Abstract

Currently, the population dynamics of preclonal cancer cells before clonal expansion of tumors has not been sufficiently addressed thus far. By focusing on preclonal cancer cell population as a Darwinian evolutionary system, we formulated and analyzed the observed mutation frequency among tumors (MFaT) as a proxy for the hypothesized sequence read frequency and beneficial fitness effect of a cancer driver mutation. Analogous to intestinal crypts, we assumed that sample donor patients are separate culture tanks where proliferating cells follow certain population dynamics described by extreme value theory (EVT). To validate this, we analyzed three large-scale cancer genome datasets, each harboring > 10000 tumor samples and in total involving > 177898 observed mutation sites. We clarified the necessary premises for the application of EVT in the strong selection and weak mutation (SSWM) regime in relation to cancer genome sequences at scale. We also confirmed that the stochastic distribution of MFaT is likely of the Fréchet type, which challenges the well-known Gumbel hypothesis of beneficial fitness effects. Based on statistical data analysis, we demonstrated the potential of EVT as a population genetics framework to understand and explain the stochastic behavior of driver-mutation frequency in cancer genomes as well as its applicability in real cancer genome sequence data.

Highlights

  • The “Big Bang” model of cancer development and population genetics of cancer cellsTo deconvolve complex biology of cancer, it is useful to trace the temporal order of population dynamics events of cancer cells as well as the underlying somatic genetic events [1]

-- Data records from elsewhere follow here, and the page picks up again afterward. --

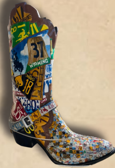
LICENSED TO BOOT 2301 Central Avenue Wyoming State Museum Artist: Carey Junior High Art Club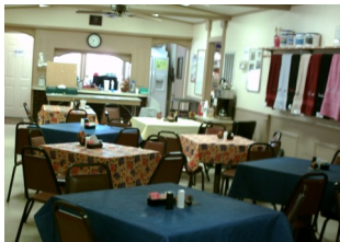
Our kitchen is open from Memorial Day to Labor Day. Menu is posted in the cafe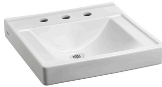
Model 9024.908EC 8" Centers Less Overflow

  • A visual inspection of the distribution shape using a density plot (Fig 2A and S2A Fig) suggested that the probability distribution of cancer driver mutation mutant allele frequency among tumors (MFaT) is approximately equal to the extreme value distribution

  • A Q-Q plot with Sugano normalization confirmed that the driver MFaT distribution is approximately described by the extreme value distribution given the relationship between observed and theoretical values (Fig 2B, S2B Fig)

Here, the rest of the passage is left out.